Illustrative. Both profiles use the same total decompression time. The only question is how that time is split between deep and shallow stops. After the experimental design of NEDU TR 11-06 (2011).

The deep schedule lost, and not by a little. It produced more than three times as much DCS as the shallow one, enough that the researchers halted the trial early rather than keep giving their divers more of it.

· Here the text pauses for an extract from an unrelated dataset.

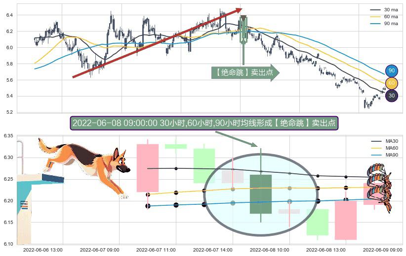 ⚀ 2022-06-08 09:00:00小时显现 30小时-60小时-90小时均线 【绝命跳】卖出点 看空信号,后市看跌,卖出
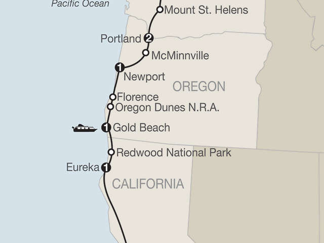 SEATTLE Sightseeing tour; visit the Space Needle and Boeing’s Future of Flight Aviation CenterMOUNT ST. HELENSVisit the Volcano Visitor’s Center PORTLANDSightseeing tour; visit the International Rose Test Gardens; visit to Mount Hood Winery with tasting and lunch; [LF] Taste of Portland tour MCMINNVILLEVisit the Evergreen Aviation Museum and Spruce Goose NEWPORTVisit and [LF] behind-the-scenes dinner at the Oregon Coast AquariumFLORENCEVisit Old Town and the Oregon Dunes National Recreation Area GOLD BEACHRogue River Jetboat ride REDWOOD NATIONAL PARK Sightseeing EUREKAVisit Redwood National Park; see the Carson Mansion SAN FRANCISCO Sightseeing; farewell dinner

The reason is in those tissue compartments. While you hold deep, your fast tissues, your blood and brain, do off-gas. But the pressure down there is still high enough that your slow tissues, your fat and cartilage, are doing the opposite, still soaking gas up. Your decompression budget is just the fixed stretch of stop time the schedule allows you. Spend it down deep and you clear a little extra from the fast tissues, but you load the slow ones at the same time. Slow tissues let go of gas so reluctantly that the extra they took on is still with you when you surface, so even though the fast tissues come up cleaner, the gas debt you carry overall is larger. The Navy put its conclusion bluntly: holding deep to control bubbles was "unwarranted for air decompression dives."[9 ] Two years later, David Doolette and Simon Mitchell, two of the most cited names in the field, put the same point in print. The ordinary dissolved-gas method, the kind researchers call a gas-content algorithm, had turned out to beat the bubble models rather than lose to them.

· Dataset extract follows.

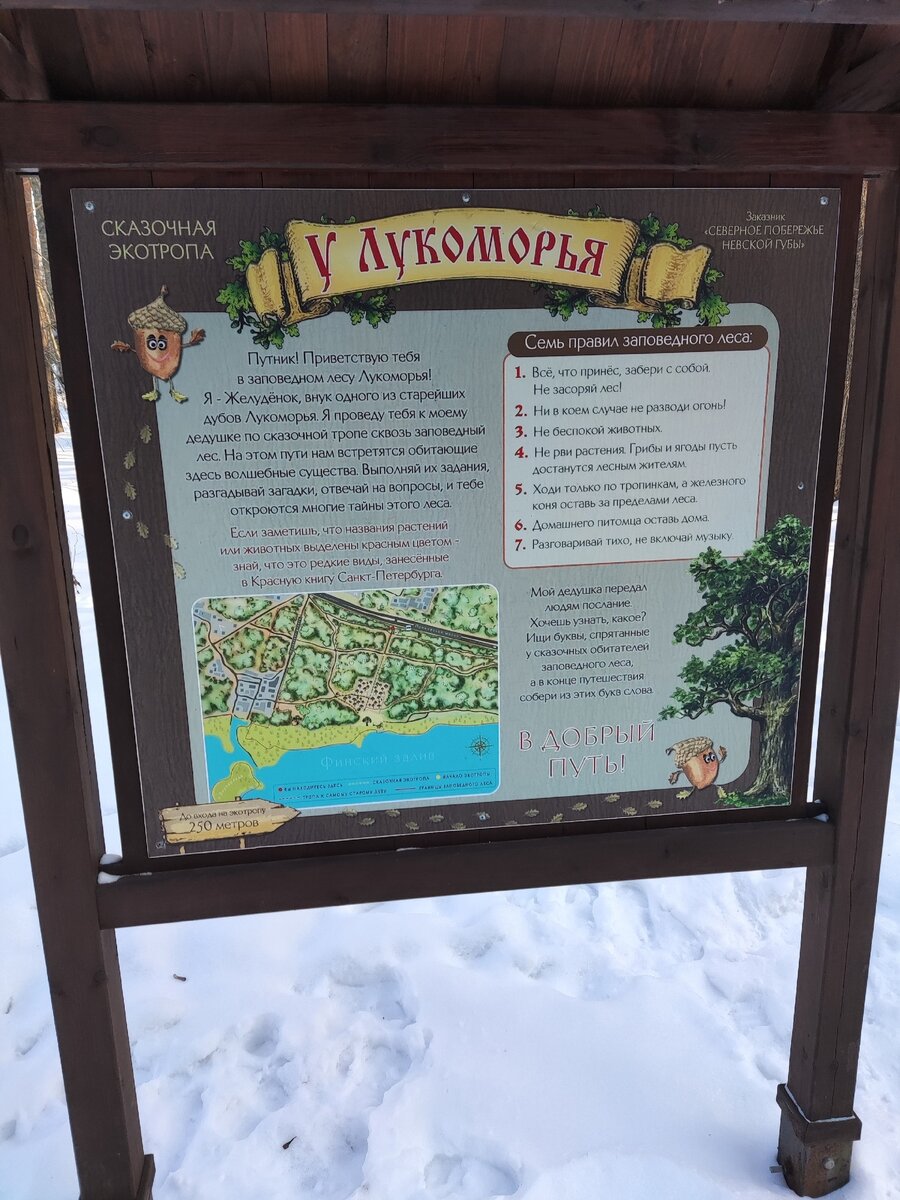 Здравствуйте дорогие подписчики! Сегодня я хочу рассказать о необычной локации, которую открыли в 2021 году в поселке Лисий нос. Находится эта сказочная экотропа на территории заказника "Северное побережье Невской губы", а преимуществом является небольшая удаленность от города в сочетании с прекрасными видами и информационными табличками, которые будут интересны людям любого возраста. Начинается дорога от шоссе и проходит через лес, который выглядит загадочно и можно поверить в сказки. Этот парк был создан еще во времена Петра I и называется "Ближние дубки". На маршруте есть очень старый дуб и если верить информационной табличке, то ему 320 лет и он современник Петра I. Это дерево внесли в реестр старовозрастных деревьев России. На маршруте 15 красочных стендов, на которых описание различных сказочных персонажей и загадки для детей. Оформление стендов содержит авторские рисунки и элементы, которые передают народный стиль. Есть также сказочный камень, который указывает направления ма

There is a widespread belief that bubble algorithms… are more efficient than traditional, shallow-stop, gas-content algorithms, but recent laboratory data support the opposite view.
Doolette and Mitchell, Diving and Hyperbaric Medicine (2013)

The evidence since NEDU

NEDU did not end the conversation, but everything since has pointed the same way. Take a 2017 study from Italy. Researchers put 51 divers through the same deep dive, 50 metres for 25 minutes on trimix, and split them between two ways up: a Bühlmann computer set to GF 30/85, and "ratio deco", an older rule-of-thumb method that stops even deeper and takes longer. Both groups surfaced with about the same number of bubbles. But the ratio-deco divers, the ones who had stopped deeper, showed noticeably more inflammation in their blood vessels.[11 ] It is a small study and nobody developed DCS, so it is a hint rather than a verdict, yet once again going deeper did not turn out to be gentler.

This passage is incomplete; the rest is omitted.